To była jedna z sobotnich wakacyjnych wędrówek. Jak zwykle plany były nieco inne, ale wyszło, jak wyszło. Tak czy owak, punktem startu był przystanek przy cmentarzu w tytułowym Wilkoszynie, gdzie mieli na nas czekać jaworzniccy uczestnicy naszej wycieczki.
Niestety, nikt nie czekał. Tedy, chociaż dzień był upalny, tytułem rozgrzewki poszliśmy na cmentarz.
Wchodzimy. Od razu widać, że jeśli chodzi o sztukę sepulkralną to dominuje tutaj estetyka blatu laminowanego kuchennego.
Idąc dalej minęliśmy świerk kłujący - Picea pungens skasowany przez osutkę.
To jest robinia akacjowa - Robinia pseudoacacia.

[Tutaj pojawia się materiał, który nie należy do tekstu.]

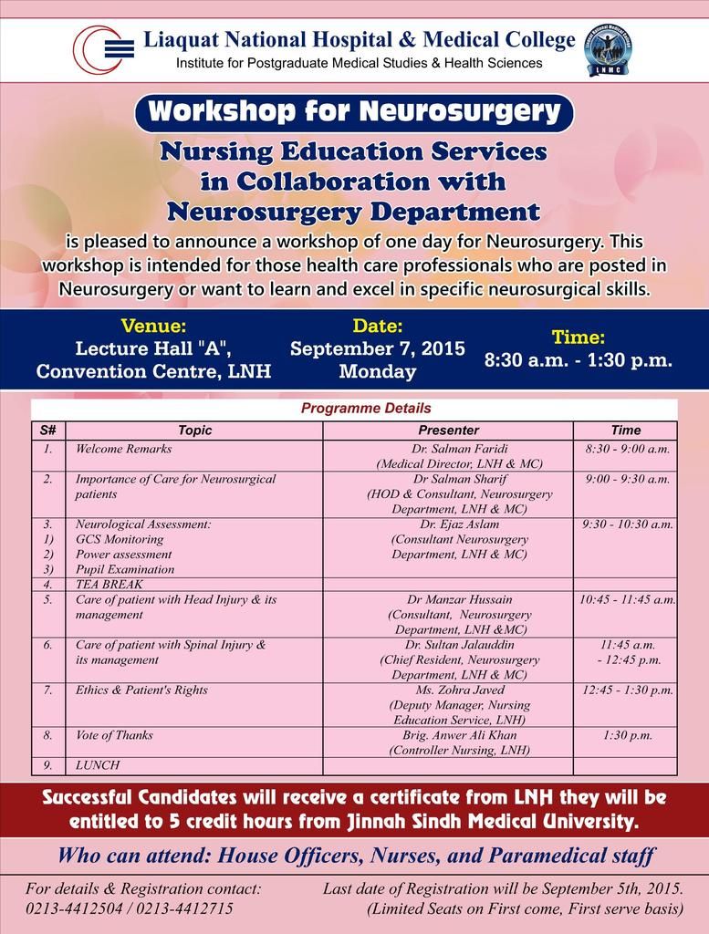 {Awareness} LNH - One Day Workshop for Neurosurgery on 7th September, 2015 at Liaquat National Hospital

Sporo tutaj kojarzącego się z cmentarzami żywotnika zachodniego - Thuja occidentalis.
Zawracając spojrzeliśmy z góry na całość. Przy okazji wywiązała się dyskusja o wadach i zaletach różnych miejsc wiecznego spoczynku, chociaż ten zgodnie z prawem nie może być wieczny, o ile ktoś nie zapłaci za nas powiedzmy "czynszu".
Jedną z jej ozdób jest goździk kartuzek - Dianthus carthusianorum.
Ale i tutaj coś wyrasta. Chociażby konyza kanadyjska - Conyza canadensis.
RE: jest to raczej prekambryjski granit, prasowany w kierunku gnejsu, ale niezbyt intensywnie.
- skała na zdjęciu to definitywnie gnejs a nie granit
Użyłem tego określenia, bo jak na mój gust ten w istocie gnejs jest słabo prasowany, zważywszy, że skupiska krystalicznych żył są prawie nienaruszone.